─── SUPPLIED RECORDS

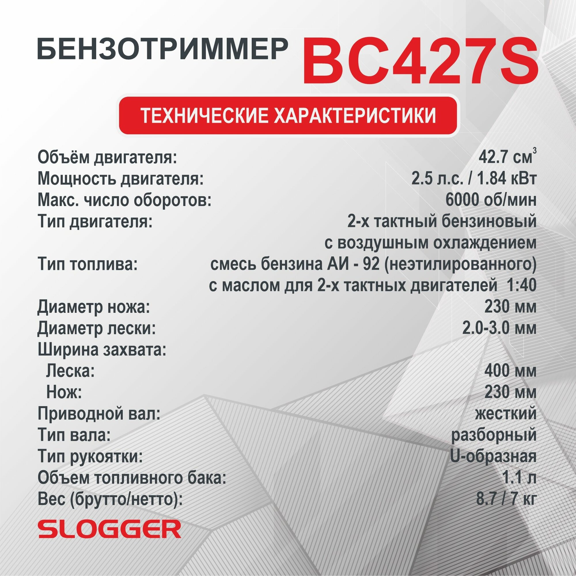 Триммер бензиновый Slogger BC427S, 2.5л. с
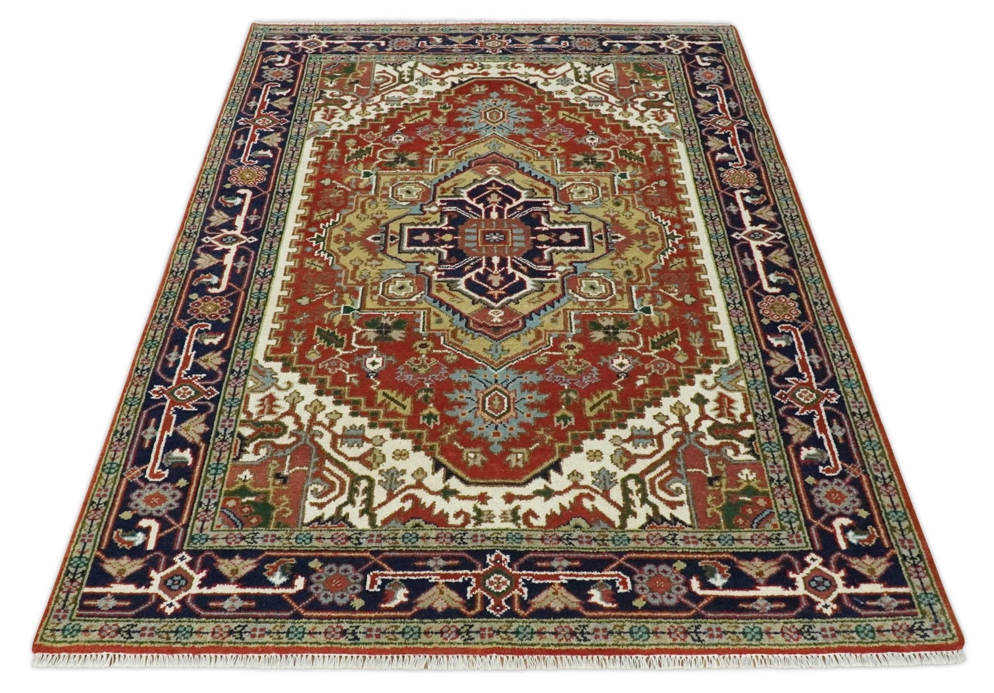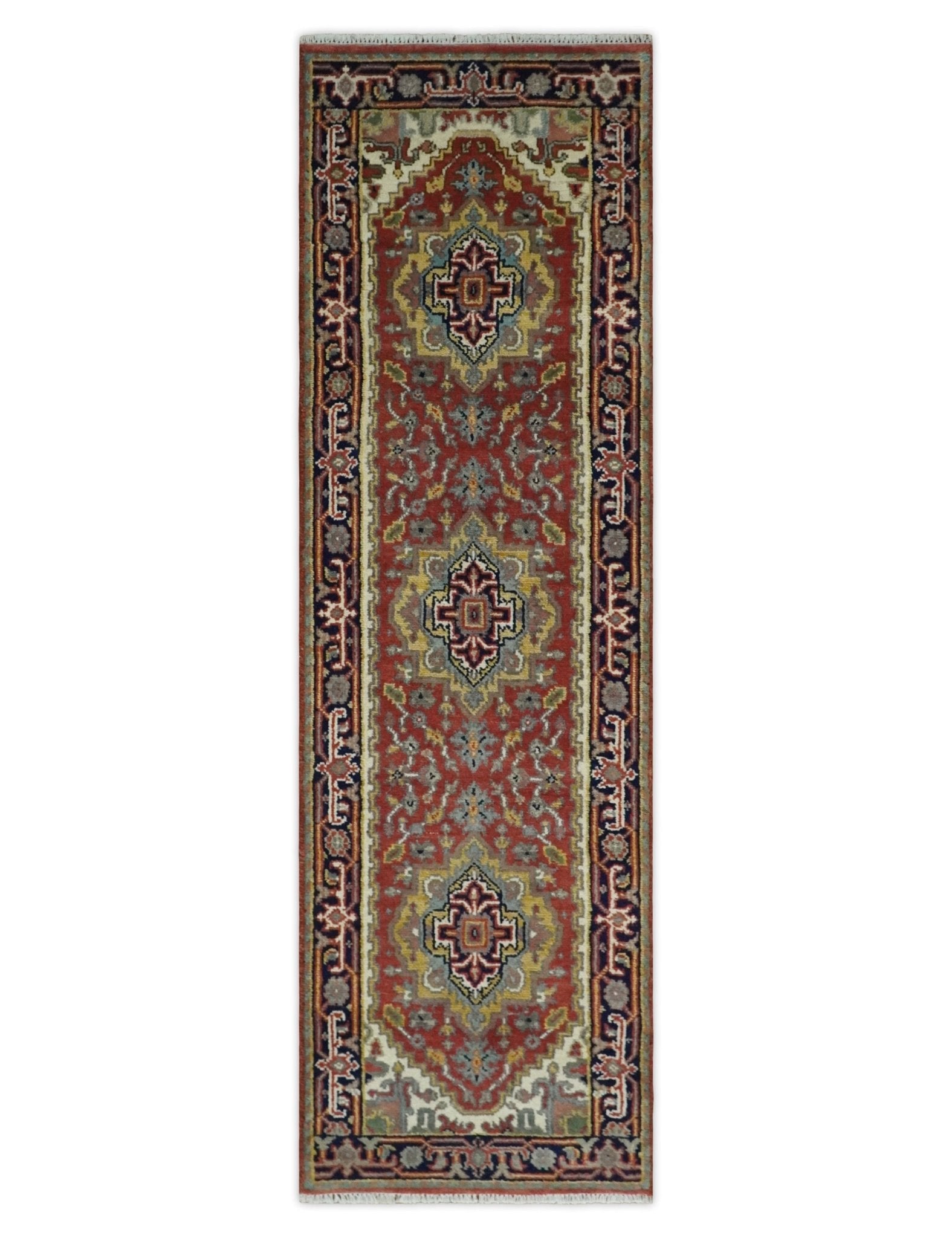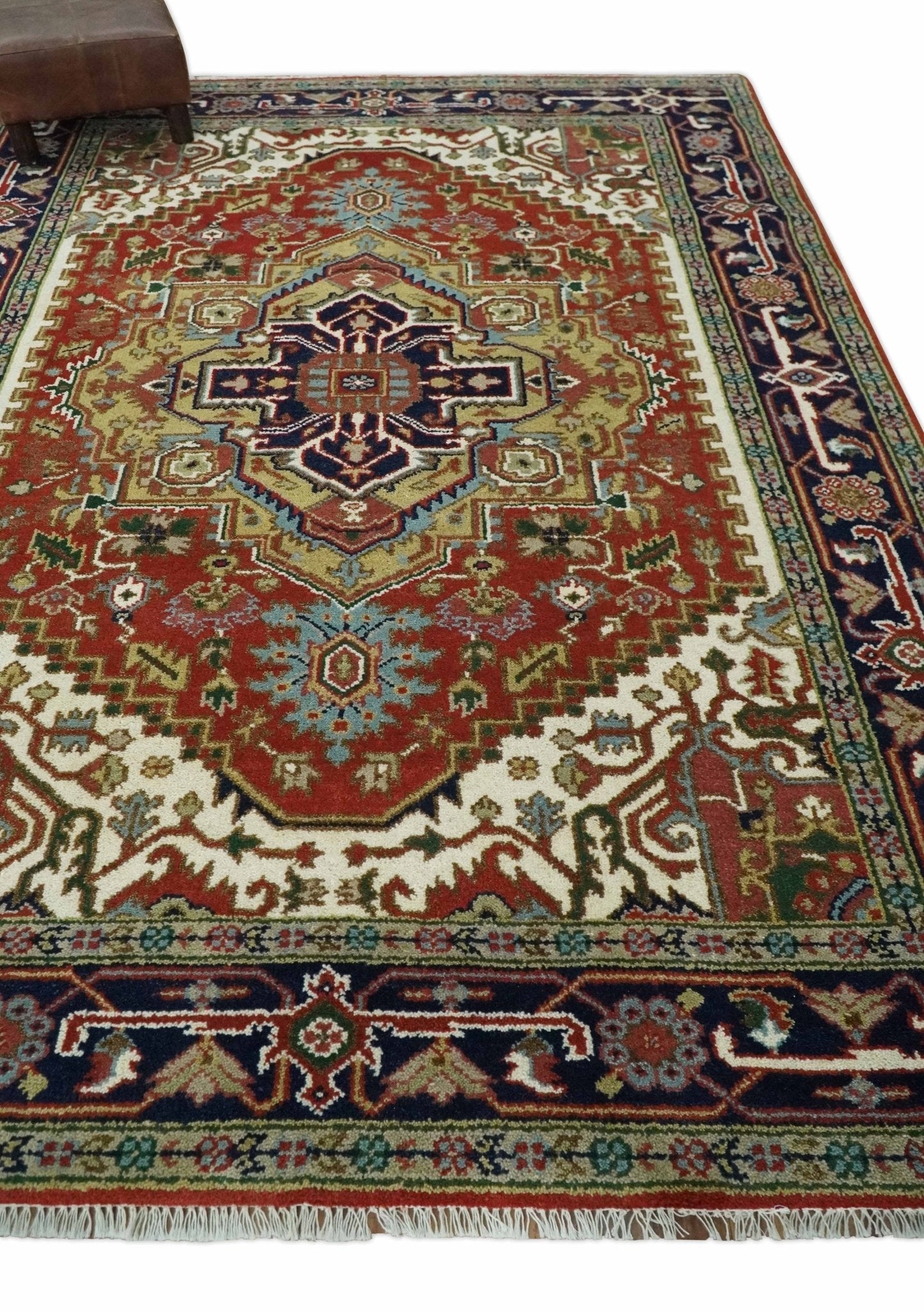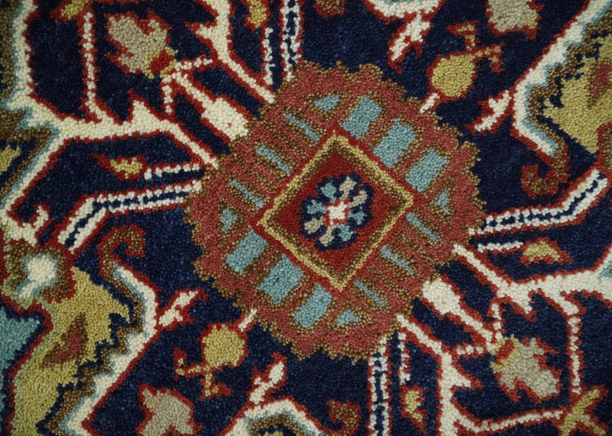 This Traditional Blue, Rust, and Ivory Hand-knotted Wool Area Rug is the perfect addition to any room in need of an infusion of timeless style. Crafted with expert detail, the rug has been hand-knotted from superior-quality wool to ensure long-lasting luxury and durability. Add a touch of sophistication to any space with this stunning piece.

──────
─── SUPPLIED RECORDS

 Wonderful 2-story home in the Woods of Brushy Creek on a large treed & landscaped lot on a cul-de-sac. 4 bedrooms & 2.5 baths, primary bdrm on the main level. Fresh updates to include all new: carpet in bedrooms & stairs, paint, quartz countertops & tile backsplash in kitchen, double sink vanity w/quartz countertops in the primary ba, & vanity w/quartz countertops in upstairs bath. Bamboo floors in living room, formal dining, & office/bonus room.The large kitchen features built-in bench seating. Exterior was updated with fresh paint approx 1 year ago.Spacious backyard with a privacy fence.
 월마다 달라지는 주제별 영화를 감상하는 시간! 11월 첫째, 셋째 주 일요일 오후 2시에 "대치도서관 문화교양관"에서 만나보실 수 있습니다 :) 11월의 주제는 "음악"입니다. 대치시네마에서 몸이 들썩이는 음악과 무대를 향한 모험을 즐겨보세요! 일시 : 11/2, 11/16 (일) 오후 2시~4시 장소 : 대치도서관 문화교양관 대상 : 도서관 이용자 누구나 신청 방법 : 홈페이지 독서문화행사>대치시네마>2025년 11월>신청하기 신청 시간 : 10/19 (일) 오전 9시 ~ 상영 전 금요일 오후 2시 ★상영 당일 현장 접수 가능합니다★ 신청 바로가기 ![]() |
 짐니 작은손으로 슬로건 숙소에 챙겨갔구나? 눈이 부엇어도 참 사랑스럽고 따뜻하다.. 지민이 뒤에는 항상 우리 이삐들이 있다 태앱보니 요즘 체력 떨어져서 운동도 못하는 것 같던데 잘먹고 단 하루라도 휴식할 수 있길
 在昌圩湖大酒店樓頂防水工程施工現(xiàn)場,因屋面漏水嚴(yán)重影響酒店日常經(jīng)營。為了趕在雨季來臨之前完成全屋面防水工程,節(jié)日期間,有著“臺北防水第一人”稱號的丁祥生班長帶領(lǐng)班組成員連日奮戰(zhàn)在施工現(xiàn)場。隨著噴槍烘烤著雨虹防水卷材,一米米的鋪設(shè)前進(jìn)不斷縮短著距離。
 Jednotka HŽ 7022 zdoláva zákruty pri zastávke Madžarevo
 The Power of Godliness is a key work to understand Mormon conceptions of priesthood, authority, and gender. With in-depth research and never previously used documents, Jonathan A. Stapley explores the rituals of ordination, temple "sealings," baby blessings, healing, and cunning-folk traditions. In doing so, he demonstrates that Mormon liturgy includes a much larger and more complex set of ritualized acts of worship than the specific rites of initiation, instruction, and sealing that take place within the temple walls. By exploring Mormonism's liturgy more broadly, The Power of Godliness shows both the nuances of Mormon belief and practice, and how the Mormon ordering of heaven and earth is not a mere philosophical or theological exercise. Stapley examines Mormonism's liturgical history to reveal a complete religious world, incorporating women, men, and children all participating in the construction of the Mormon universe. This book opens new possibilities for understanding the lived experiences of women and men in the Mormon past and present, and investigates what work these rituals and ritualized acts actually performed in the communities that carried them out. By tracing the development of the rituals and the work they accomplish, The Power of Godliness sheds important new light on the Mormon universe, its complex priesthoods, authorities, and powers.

──────

Of the lines above, copy only those from the one holding "Триммер бензиновый Slogger BC427S, 2.5л. с" to the one holding "This Traditional Blue, Rust, and", both included, and exclude every image.

◆ SOLUTION FOR THIS EXERCISE
 Триммер бензиновый Slogger BC427S, 2.5л. с
 This Traditional Blue, Rust, and Ivory Hand-knotted Wool Area Rug is the perfect addition to any room in need of an infusion of timeless style. Crafted with expert detail, the rug has been hand-knotted from superior-quality wool to ensure long-lasting luxury and durability. Add a touch of sophistication to any space with this stunning piece.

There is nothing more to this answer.